REQUIRED WORK ::
Once the pictures are removed, reproduce what is left of the data below exactly.

INFORMATION SUPPLIED ::
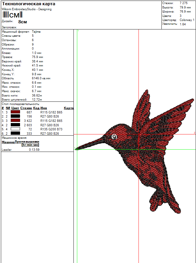 Дизайн для вышивальных машин «Колибри в полете» подойдет для различной одежды и аксессуаров.
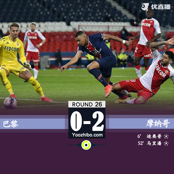 [咪咕全场集锦] 法甲-姆巴佩哑火迪奥普进球 巴黎状态低迷0-2负摩纳哥
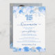 Este elegante convite da Quinceañera apresenta balões brilhantes em vários tons de azul, prata e branco. A queda de galhardetes e confete em azul e branco completa a vibração da festa. A parte de trás apresenta a sua foto favorita. Fácil de personalizar clicando em "Personalizar".

ANSWER SPACE ::
 Дизайн для вышивальных машин «Колибри в полете» подойдет для различной одежды и аксессуаров.
 [咪咕全场集锦] 法甲-姆巴佩哑火迪奥普进球 巴黎状态低迷0-2负摩纳哥
 Este elegante convite da Quinceañera apresenta balões brilhantes em vários tons de azul, prata e branco. A queda de galhardetes e confete em azul e branco completa a vibração da festa. A parte de trás apresenta a sua foto favorita. Fácil de personalizar clicando em "Personalizar".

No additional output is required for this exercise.